- _MATERIAL PROVIDED_:
● ● ● ●

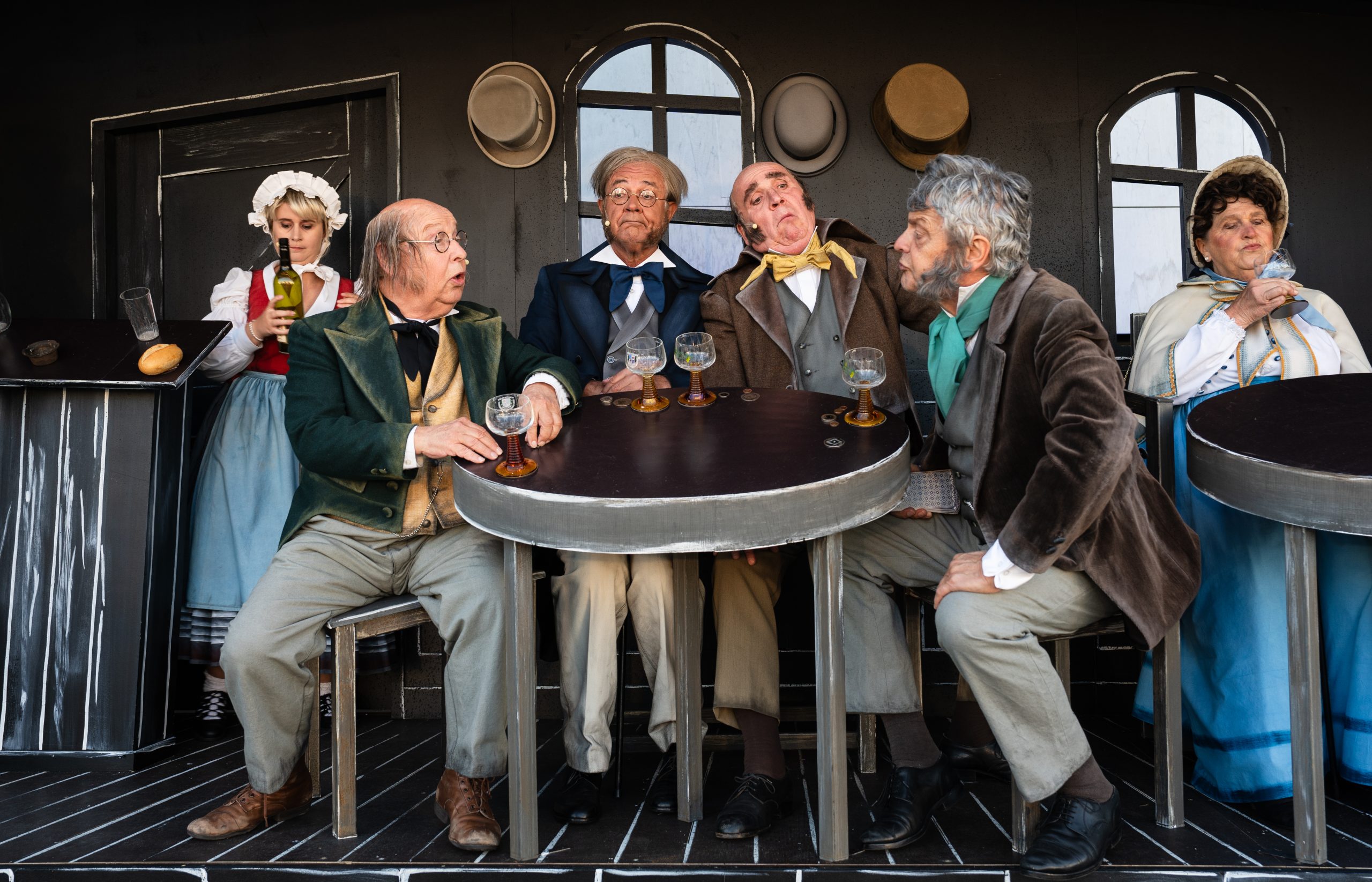 Wer genug trinkt, sieht zweimal so viel von der Welt! Mit diesem Versprechen auf Erkenntnis bestellt Datterich einen Schoppen nach dem anderen. Und wenn das nötige Kleingeld sich dem Ende zuneigt, und dem neigt es sich ständig zu, weiß der Pensionär sich zu helfen: Für einen guten Tropfen schröpft er den Schuhmacher, bezirzt die Wirtin und leiert dem zugezogenen Drehergesellen Schmidt mit lustvoller Penetranz einen gediegenen Rausch aus den Rippen.
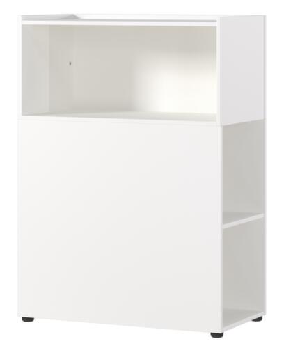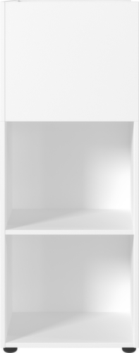 Nutzung dreiseitig – frei im Raum platzierbar schafft der Raumteiler nicht nur individuelle Arbeitsbereiche und mehr Privatsphäre, sondern auch Stauraum mit direktem Zugriff. Konstruktion aus Spanplatte mit pflegeleichter Melaminharzbeschichtung. Korpus in weiß, Alle Kanten sind durch schlagfeste ABS-Umleimer vor unschönen Rissen und Ausbrechen geschützt. Unterbau Kunststoffgleiter.
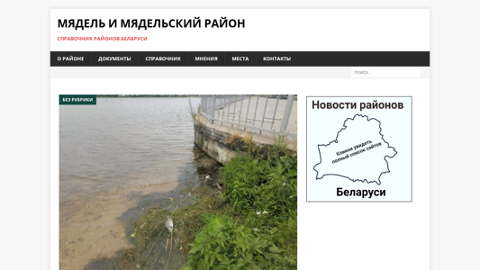 | AI-анализ | This website is a reference guide for Miazel and Miazelsky district in Belarus. The title is "Miazel and Miazelsky district | Reference book of regions of Belarus" and the description is simply "Reference book of regions of Belarus". The top keywords are 'мядель', 'мядельский', 'район', 'справочник', 'районов', 'контакты', and 'беларуси'. The website contains information on the region including documents, opinions, places, and contacts. There is a report of concern about the death of carp fish in Lake Miazel, with numerous dead fish being found in the reeds and open areas. A regional meeting of youth leaders in the education sector took place, and there are sections about safety measures to prevent accidents on water bodies, with over 1,700 emergency services personnel ensuring |

● ● ● ●

- _WHAT THE TASK REQUIRES_:
Copy every line of the data exactly as written, excluding the pictures.

- _SOLUTION FOR THIS PROBLEM_:
 Wer genug trinkt, sieht zweimal so viel von der Welt! Mit diesem Versprechen auf Erkenntnis bestellt Datterich einen Schoppen nach dem anderen. Und wenn das nötige Kleingeld sich dem Ende zuneigt, und dem neigt es sich ständig zu, weiß der Pensionär sich zu helfen: Für einen guten Tropfen schröpft er den Schuhmacher, bezirzt die Wirtin und leiert dem zugezogenen Drehergesellen Schmidt mit lustvoller Penetranz einen gediegenen Rausch aus den Rippen.
 Nutzung dreiseitig – frei im Raum platzierbar schafft der Raumteiler nicht nur individuelle Arbeitsbereiche und mehr Privatsphäre, sondern auch Stauraum mit direktem Zugriff. Konstruktion aus Spanplatte mit pflegeleichter Melaminharzbeschichtung. Korpus in weiß, Alle Kanten sind durch schlagfeste ABS-Umleimer vor unschönen Rissen und Ausbrechen geschützt. Unterbau Kunststoffgleiter.
 | AI-анализ | This website is a reference guide for Miazel and Miazelsky district in Belarus. The title is "Miazel and Miazelsky district | Reference book of regions of Belarus" and the description is simply "Reference book of regions of Belarus". The top keywords are 'мядель', 'мядельский', 'район', 'справочник', 'районов', 'контакты', and 'беларуси'. The website contains information on the region including documents, opinions, places, and contacts. There is a report of concern about the death of carp fish in Lake Miazel, with numerous dead fish being found in the reeds and open areas. A regional meeting of youth leaders in the education sector took place, and there are sections about safety measures to prevent accidents on water bodies, with over 1,700 emergency services personnel ensuring |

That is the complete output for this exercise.